Specialization vs. Generalization Trade-off. In general, combining many specialized datasets can lead to a jack-of-all-trades model, which might not be as adept at specific tasks as a model trained on a specialized dataset. While the model can tackle a wide range of tasks, it might not have the depth of understanding that a specialized model might have for a particular domain. In this study, we also explore specialization and generalization ability using both individual and combined data sources.

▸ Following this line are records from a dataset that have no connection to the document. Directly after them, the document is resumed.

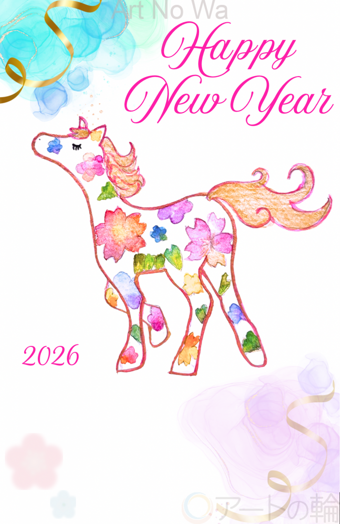 ネットスクウェアNET年賀状 ✕ 障がい者アート協会【2026年午年年賀状】 NS2026(2025)
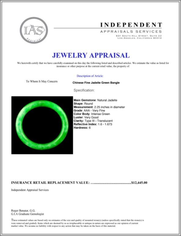 Regarding Appraised Jewelry and Loose Stones - Auctionfarm sends them out to a third party for Retail Replacement Value Appraisals, which are the most common. These types of evaluations are written for insurance needs. This would be the cost to replace the jewelry with an item of equal quality and kind, considered to be the current market price or the replacement value. This type of appraisal is done to protect you in the event of damage or loss of a valuable item. Our appraisals are conducted by independent 3rd Party appraisal firms that utilizes Certified GIA Gemologist. Appraisals should be used for verification of gemstone and/or metal weight, size, and grade only, not actual value. Appraisal value should be considered for insurance purposes only, not actual value, as price varies greatly from retail locations thru out the world. Items should not be purchased with the expectation to resell for appraisal price, or for profit.
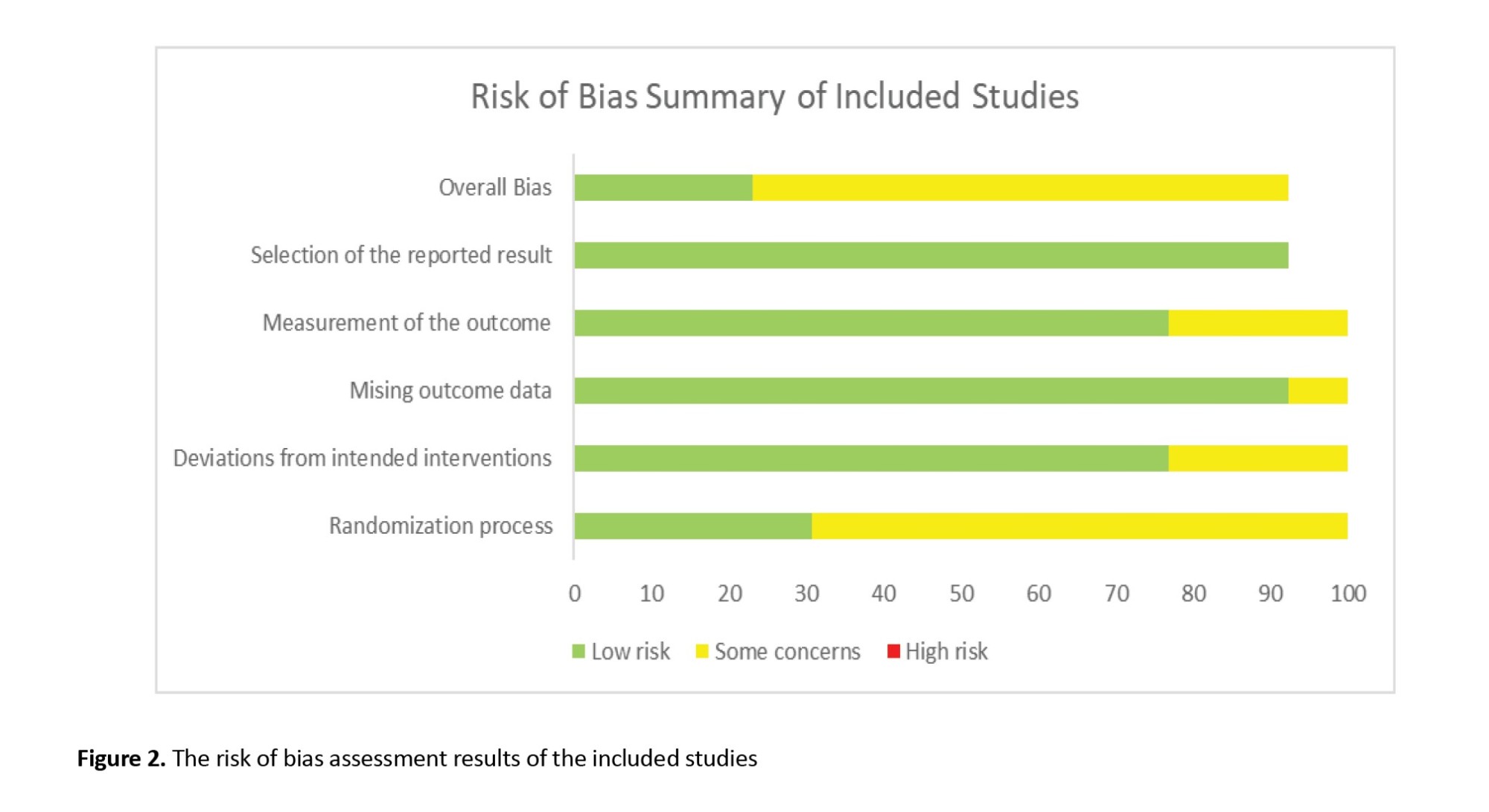 The risk of bias assessment was conducted only in 13 studies that specifically focused on children aged 0-5 years, using the Cochrane risk-of-bias tool. A visual summary of the risk of bias assessment is provided in Figure 2. Although most studies had low risk of bias in several domains, there were some concerns regarding overall bias and in the randomization process, deviations from intended interventions, and the measurement of outcomes.
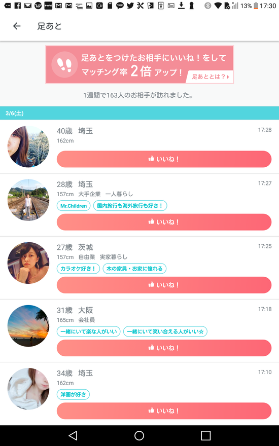 まだ初めて1日しか経ってないのに足跡が163人もついてる
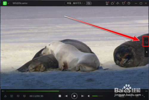 在爱奇艺万能联播播放到视频的重点时,将鼠标移到播放器窗口右侧中间部位。
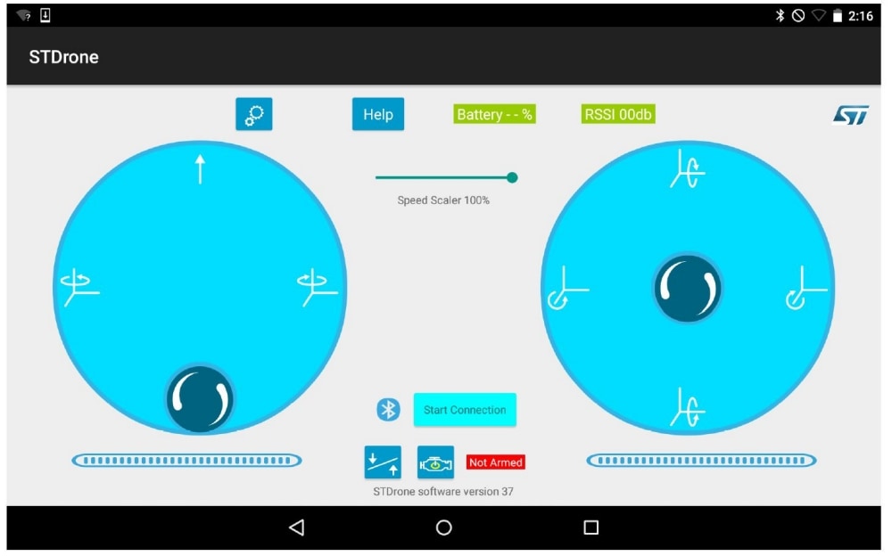 ST_BLE_DRONE provides an easy-to-use interface to replicate the remote control functionality on the smartphone.

The remainder of this paper is organized as follows. In Section 2, we elaborate the details of dataset statistics, token distributions, and data processing procedure. Section 3 describes dataset combination configurations for this SlimPajama-DC study. Our model architecture and training details are provided in Section 4, followed by the results and analysis in Section 5 on the range of various tasks in the zero- and few-shot settings. Section 6 presents an application of efficient Large Batch-size (LBS) training on a 7B model. Section 7 reviews related work and Section 8 concludes this study.
Dataset Overview
SlimPajama has a total of 627B tokens across different domains, as shown in Table 1. It includes validation and test sets with 500M tokens each, and these have been cleaned to ensure no overlap with the training data. For the SlimPajama-DC study, our entire training dataset for each configuration contains 330B tokens after tokenization which is carefully selected from the original SlimPajama dataset. We tested different sampling strategies for different domains of our training data: (1) each token is trained only once during training, such as Commoncrawl, and (2) we perform more than one epoch for training on particular sources, such as the Wikipedia and Github domains. The detailed domain source proportions of various combinations are shown in Table 3.

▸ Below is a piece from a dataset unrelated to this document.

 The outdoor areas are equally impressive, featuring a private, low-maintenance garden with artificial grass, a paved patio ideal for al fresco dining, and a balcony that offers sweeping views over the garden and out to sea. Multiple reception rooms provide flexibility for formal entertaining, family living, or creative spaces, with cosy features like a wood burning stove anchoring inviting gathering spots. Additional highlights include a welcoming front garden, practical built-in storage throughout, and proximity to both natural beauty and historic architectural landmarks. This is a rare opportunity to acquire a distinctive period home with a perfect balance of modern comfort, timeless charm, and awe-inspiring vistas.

2 Dataset Token Frequency Statistics
To examine the similarity between various datasets in SlimPajama, we calculate the KL divergence between two domain distributions of token counts from different datasets, as shown in Fig. 1a. Given that distinct datasets may emphasize dissimilar token types, we subsequently delve into the differences in the distribution of these datasets across token subsets exhibiting distinct characteristics: (1) Tokens exclusively comprising letters (Fig. 1b); (2) The union set of tokens with the top 1000 frequencies on each dataset (Fig. 1c); (3) Numbers and commonly used operators, like ‘30’, ‘+’ and ‘=’ (Fig. 1d); (4) Whitespace Tokens, like ‘nn’ and ‘t’ (Fig. 1e); (5) Non-alphanumeric tokens, like ‘#’ and ‘====’ (Fig. 1f).
There exists a degree of similarity in the distribution of different token subsets among RefinedWeb, Book, C4, and CommonCrawl, as well as between Github and StackExchange. Notably, when it comes to the distribution of non-alphanumeric tokens, Arxiv differs significantly from most datasets. While on the distribution of whitespace tokens, Refinedweb shows notable distinctions in comparison to Github and StackExchange. Among numbers and commonly used operators, the distribution of all datasets is relatively consistent.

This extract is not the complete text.